Going through the material below, output exactly the lines from the one containing "地理科学2班李若阳同学代表本" through the one containing "Chipped Blue Oak", and no pictures.

-- Entries provided follows --

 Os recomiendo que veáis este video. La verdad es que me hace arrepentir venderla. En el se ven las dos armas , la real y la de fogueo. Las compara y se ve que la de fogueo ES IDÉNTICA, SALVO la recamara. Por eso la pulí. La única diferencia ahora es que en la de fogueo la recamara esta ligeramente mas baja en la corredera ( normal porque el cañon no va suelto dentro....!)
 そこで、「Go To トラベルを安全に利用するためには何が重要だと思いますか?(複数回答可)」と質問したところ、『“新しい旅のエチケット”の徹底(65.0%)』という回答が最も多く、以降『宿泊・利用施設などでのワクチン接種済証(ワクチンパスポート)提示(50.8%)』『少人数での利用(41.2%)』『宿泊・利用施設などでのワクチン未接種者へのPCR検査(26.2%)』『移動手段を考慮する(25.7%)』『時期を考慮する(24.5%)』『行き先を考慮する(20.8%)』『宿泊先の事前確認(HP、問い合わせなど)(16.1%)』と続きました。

-- Entries provided concluded --
-- Entries provided follows --

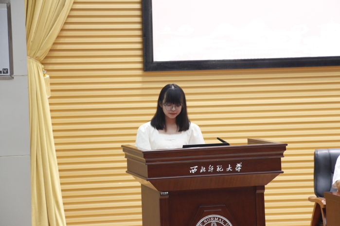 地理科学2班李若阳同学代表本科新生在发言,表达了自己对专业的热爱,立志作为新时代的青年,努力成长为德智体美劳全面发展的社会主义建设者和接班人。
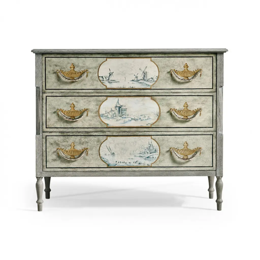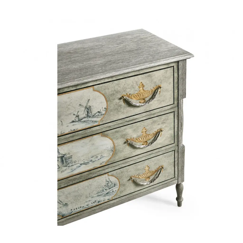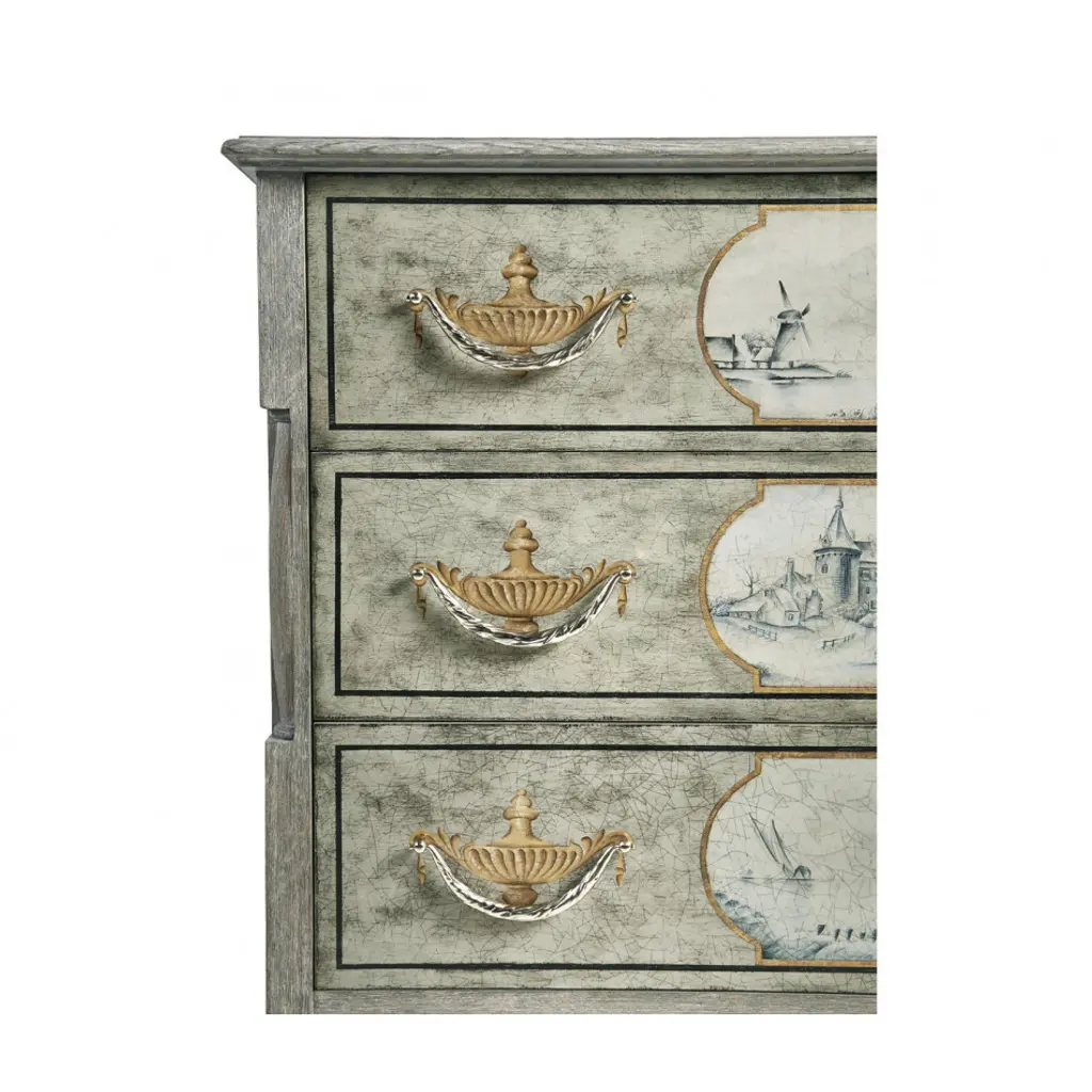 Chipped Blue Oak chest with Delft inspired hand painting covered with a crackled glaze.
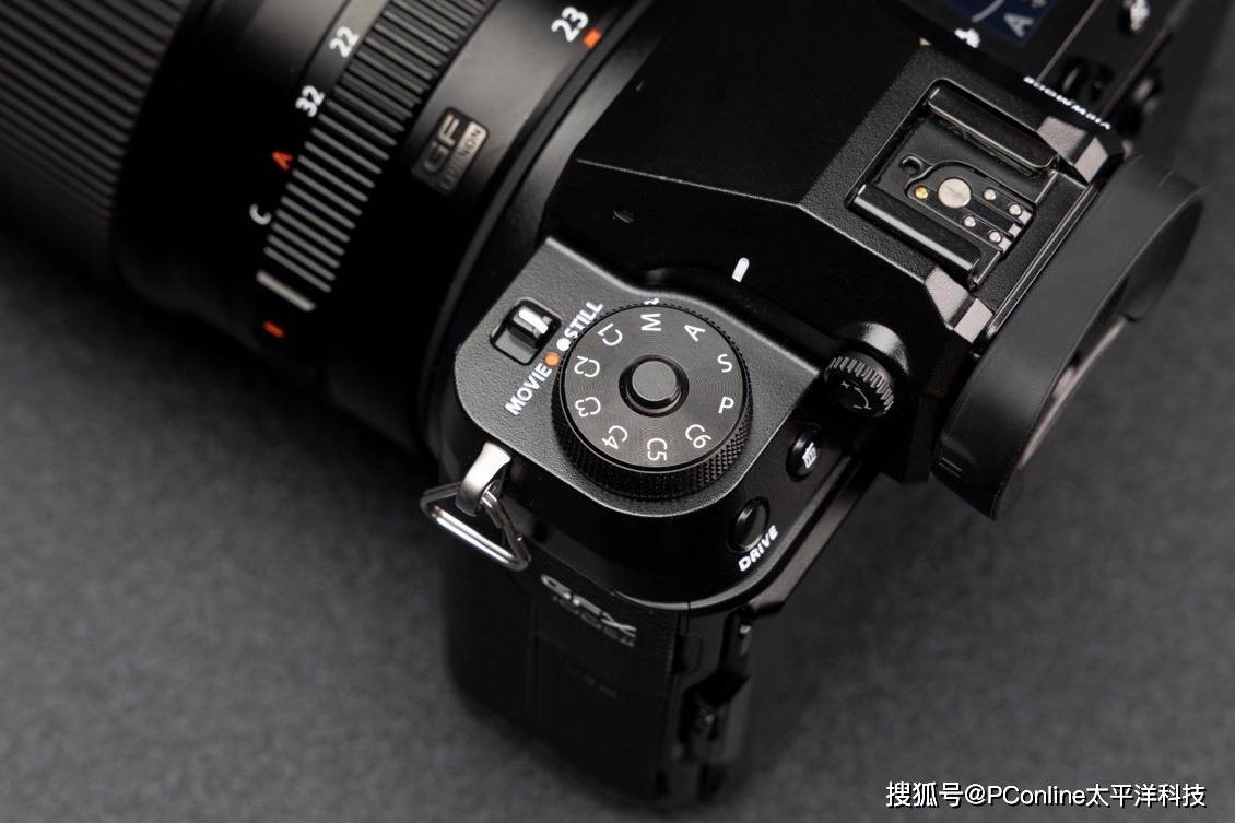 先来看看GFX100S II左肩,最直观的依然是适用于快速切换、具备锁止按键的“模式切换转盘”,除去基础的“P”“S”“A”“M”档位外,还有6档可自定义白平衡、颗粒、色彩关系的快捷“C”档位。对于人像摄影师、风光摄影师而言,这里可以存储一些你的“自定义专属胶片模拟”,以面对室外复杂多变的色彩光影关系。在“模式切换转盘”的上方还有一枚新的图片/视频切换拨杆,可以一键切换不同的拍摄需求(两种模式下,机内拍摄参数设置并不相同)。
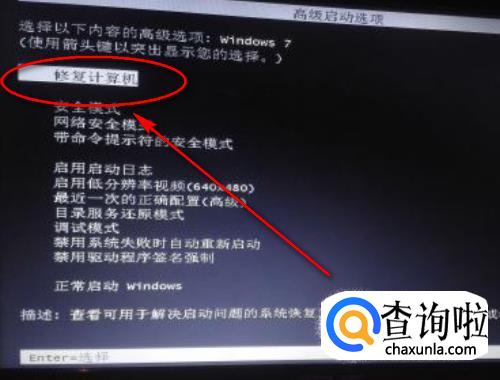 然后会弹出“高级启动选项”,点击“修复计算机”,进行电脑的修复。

-- Entries provided concluded --

*Solution for this task*.
 地理科学2班李若阳同学代表本科新生在发言,表达了自己对专业的热爱,立志作为新时代的青年,努力成长为德智体美劳全面发展的社会主义建设者和接班人。
 Chipped Blue Oak chest with Delft inspired hand painting covered with a crackled glaze.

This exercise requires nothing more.